== Task statement ==
The lines below, from the one containing "FT-IR spectra of" through the one containing "JONAS WOODb. 1977BLUE", should be set down exactly, with no pictures and nothing else.

== Supplied records ==

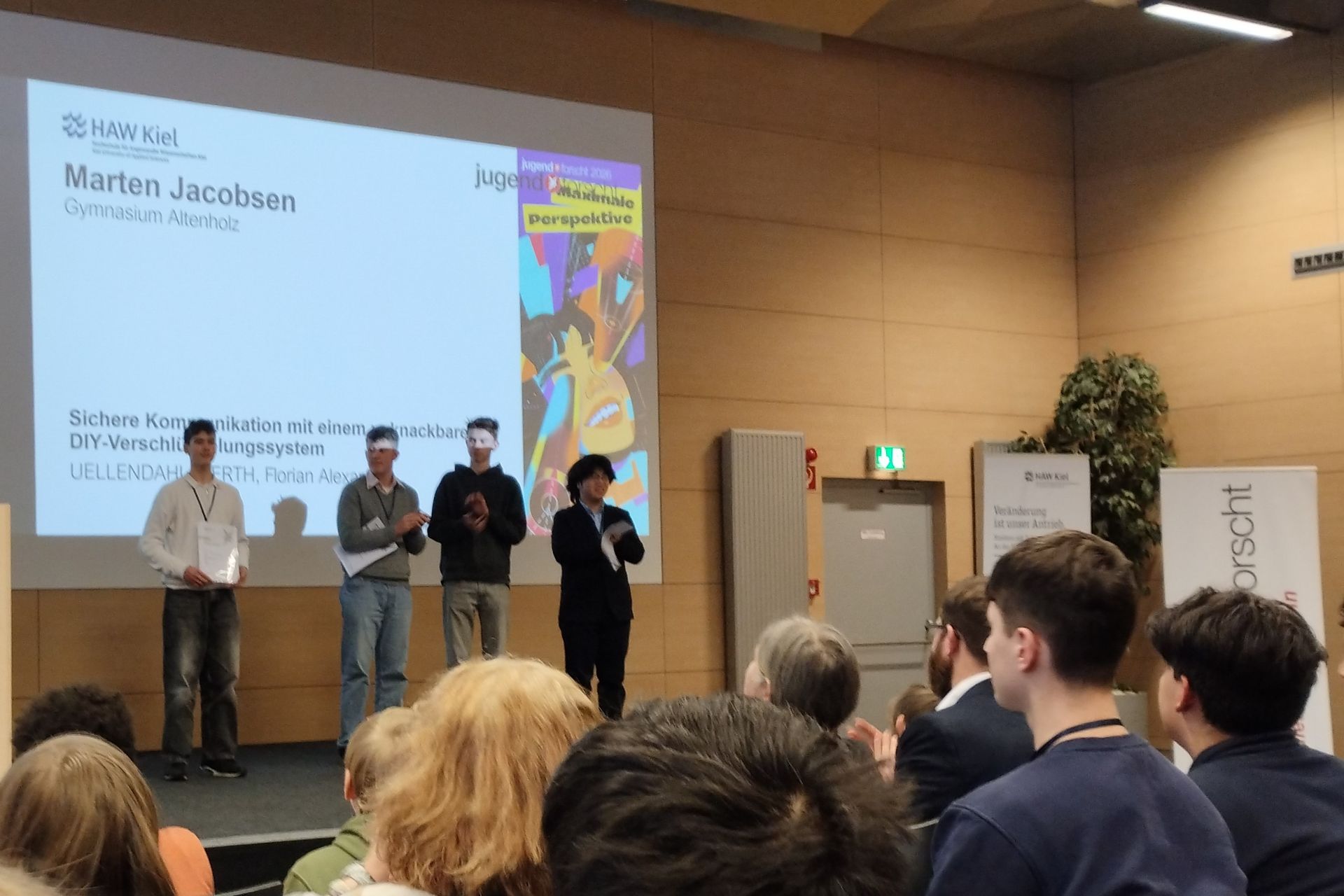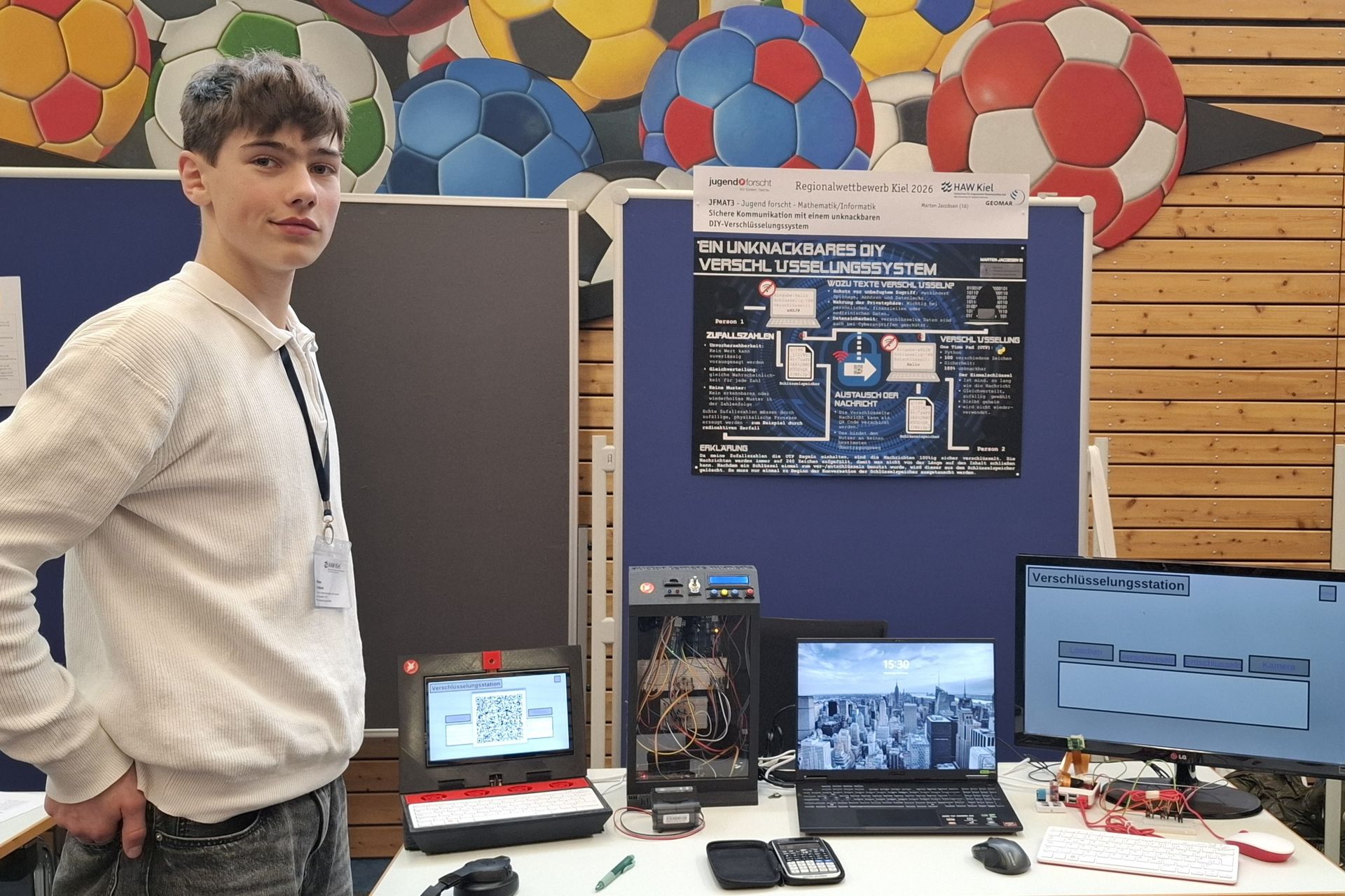 Der erste Preis bei Jugend Forscht im Themengebiet Mathematik/Informatik ging in Kiel an Marten Jacobsen (16 Jahre). Er entwickelt im Rahmen seines Projektes ein Verfahren zur Erzeugung von Zufallszahlen aus verschiedenen physikalischen Messungen. Mit diesen Zahlen möchte er Nachrichten so verschlüsseln, dass ein sehr hoher Grad an Sicherheit erreicht wird. Für die Umsetzung nutzt er verschiedene selbstgebaute Komponenten wie Zufallszahlengeneratoren und Chiffriergeräte. Das Verfahren für den Transport der Nachrichten soll für die Nutzer*innen komfortabel sein und beispielsweise mit dem Smartphone funktionieren.
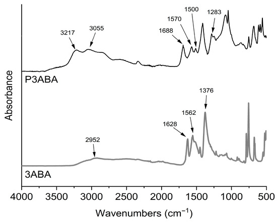 FT-IR spectra of 3ABA (3-aminobenzoic acid) monomer and P3ABA (poly(3-aminobenzoic acid).
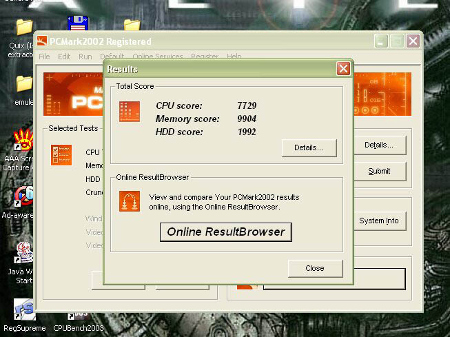 Es increible como ahora con 1837Mhz saca mejor puntuacion q antes con 1902Mhz, el cambio de placa ha sido increible sobre todo si miramos la memoria ... los bancos Dual-DDR de la Abit gestionan bastante mejor la memoria q los bancos DDR de la Gigabyte.
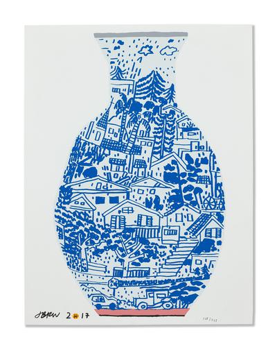 JONAS WOODb. 1977BLUE FRIMKESS LANDSCAPE POTscreenprinton paper, with a certificate of authenticity issued by Wood Kusaka Studio, Los Angelessigned, dated2017and numbered105/225signed and dedicated on the reverse26.5 by 20 cm. 10⅜ by 7⅞ in.----------------------------------------------喬納斯・伍德生於1977年藍色弗里克斯風景壺絲網印刷紙本,附設由藝術家工作室簽發之作品保證書款識JBRW,2017,105/225JOHN, PEACE AND LOVE, JBRW (作品背面) 版數105/225此作品共225幅26.5 x 20 公分,10⅜ x 7⅞ 英寸
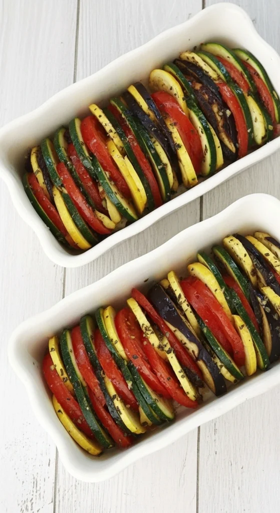 - Disposez les tranches de légumes sur la couche d’oignons et d’ail dans le plat. Alternez les légumes pour créer un joli motif en bandes. Vous pouvez les insérer verticalement ou les disposer en les chevauchant légèrement (selon la taille et la forme de votre plat).
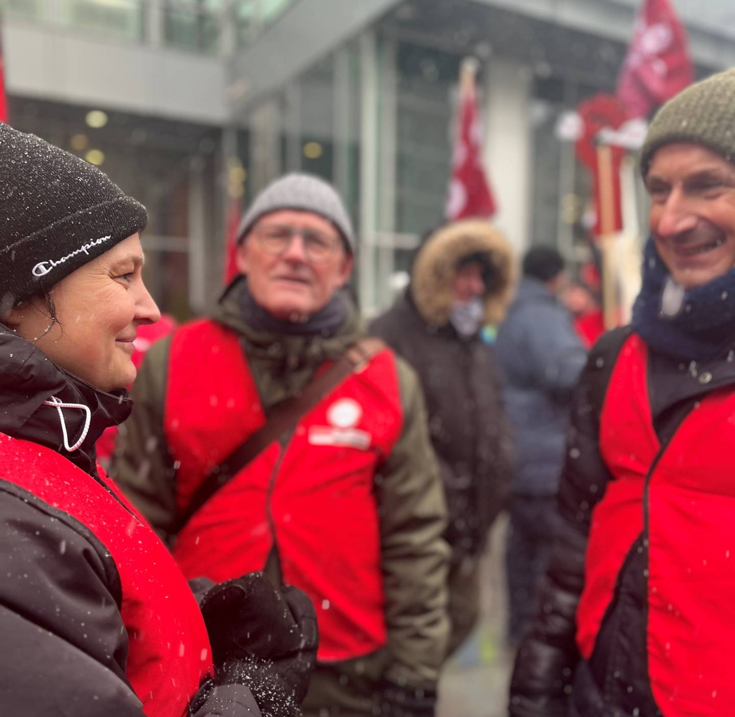 Kreds Storkøbenhavns formand Lars Petersen og næstformænd Rita Slangerup og Michel Kikkenborg trodser frostvejret for at demonstrere for medlemmernes interesser foran KL i 2024.
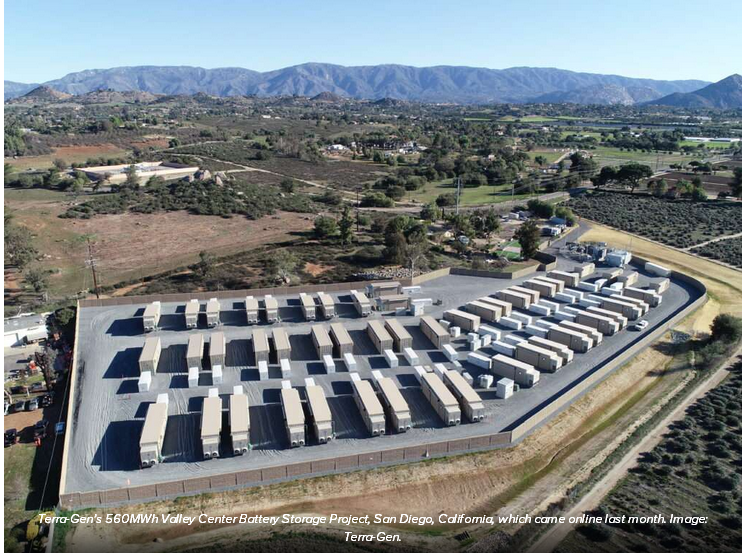 Terra-Gen公司位于加利福尼亞州圣迭戈的560MWh Valley Center電池儲能項目,該項目于上個月上線運營。
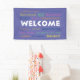 Ein lustiges Design, das in vielen Sprachen wie Spanisch, Japanisch und Französisch willkommen heißt, in verschiedenen Farbtönen wie Weiß, Gelb und Rosa vor einem lila Hintergrund

== Output ==
 FT-IR spectra of 3ABA (3-aminobenzoic acid) monomer and P3ABA (poly(3-aminobenzoic acid).
 Es increible como ahora con 1837Mhz saca mejor puntuacion q antes con 1902Mhz, el cambio de placa ha sido increible sobre todo si miramos la memoria ... los bancos Dual-DDR de la Abit gestionan bastante mejor la memoria q los bancos DDR de la Gigabyte.
 JONAS WOODb. 1977BLUE FRIMKESS LANDSCAPE POTscreenprinton paper, with a certificate of authenticity issued by Wood Kusaka Studio, Los Angelessigned, dated2017and numbered105/225signed and dedicated on the reverse26.5 by 20 cm. 10⅜ by 7⅞ in.----------------------------------------------喬納斯・伍德生於1977年藍色弗里克斯風景壺絲網印刷紙本,附設由藝術家工作室簽發之作品保證書款識JBRW,2017,105/225JOHN, PEACE AND LOVE, JBRW (作品背面) 版數105/225此作品共225幅26.5 x 20 公分,10⅜ x 7⅞ 英寸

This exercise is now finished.